You can also install using pip directly (ideally within a virtual environment):

# Ensure you have Python 3.12+ installed

pip install devdocs-crawler

Usage

# Basic usage (crawl depth 1, stream enabled by default)
# Saves to ./devdocs_crawler_output/<domain_name>/
# Example: Saves to ./devdocs_crawler_output/docs_python_org/
devdocs-crawler https://docs.python.org/3/

# Specify a different base output directory
# Example: Saves to ./python_docs/docs_python_org/
devdocs-crawler https://docs.python.org/3/ -o ./python_docs

# Example: Crawl Neo4j GDS docs (depth 2)
# Example: Saves to ./devdocs_crawler_output/neo4j_com/
devdocs-crawler https://neo4j.com/docs/graph-data-science/current/ -d 2

# Example: Disable streaming
devdocs-crawler https://docs.example.com --no-stream

Options:

  • start_url: (Required) The starting URL for the crawl (must include scheme like https://).
  • -o, --output DIRECTORY: Base directory to save crawl-specific subdirectories (default: ./devdocs_crawler_output).
  • -d, --depth INTEGER: Crawling depth beyond the start URL (0 = start URL only, 1 = start URL + linked pages, etc.) (default: 1).
  • --max-pages INTEGER: Maximum total number of pages to crawl (default: no limit).
  • --stream / --no-stream: Streaming mode processes pages as they arrive. Enabled by default. Use --no-stream to disable it and process all pages after the crawl finishes.
  • -v, --verbose: Increase logging verbosity (-v for INFO, -vv for DEBUG). Default is WARNING.
  • --version: Show the package version and exit.
  • -h, --help: Show the help message and exit.

Development

  1. Clone the repository: git clone https://github.com/youssef-tharwat/devdocs-crawler (Replace with your fork if contributing)
  2. Navigate to the project directory: cd devdocs-crawler
  3. Install uv: If you don't have it, install uv (e.g., pip install uv or see uv installation docs).
  4. Create environment & Install: Use uv to create an environment and install dependencies (including dev dependencies). Requires Python 3.12+.
    uv venv # Creates .venv
    uv sync --dev # Syncs based on pyproject.toml
    
    (Alternatively, if you prefer manual venv: python3.12 -m venv .venv, source .venv/bin/activate, then uv pip install -e .[dev])
  5. Activate the environment:
    • macOS/Linux: source .venv/bin/activate
    • Windows: .venv\Scripts\activate

Now you can run the tool using devdocs-crawler from within the activated environment.
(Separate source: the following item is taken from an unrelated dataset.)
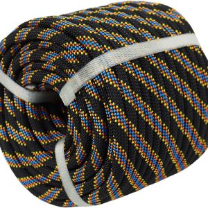 Braided Polyester Arborist Rigging Rope (3/8 inch X 50 feet) High Strength Outdoor Rope for Rock Climbing Hiking Camping Swing, Black/Orange/Blue

You can run linters and formatters:

ruff check .
ruff format .

And run tests (if/when tests are added):

pytest

Building and Publishing (using uv)

  1. Ensure your pyproject.toml has the correct version number and author details.
  2. Build the distributions:
    uv build
    
    This creates wheel and source distributions in the dist/ directory.
  3. Publish to PyPI (requires a PyPI account and an API token configured with uv):
    uv publish
    
    You can also publish to TestPyPI using uv publish --repository testpypi. See uv publish --help for more options, including providing tokens via environment variables or arguments.

Contributing

Contributions are welcome! Please see the CONTRIBUTING.md file for guidelines (if one exists).

License

This project is licensed under the MIT License - see the LICENSE file for details.

Project details


Download files

Download the file for your platform. If you're not sure which to choose, learn more about installing packages.

Source Distribution

devdocs_crawler-0.1.0.tar.gz (10.7 kB view details)

Uploaded Source

Built Distribution

If you're not sure about the file name format, learn more about wheel file names.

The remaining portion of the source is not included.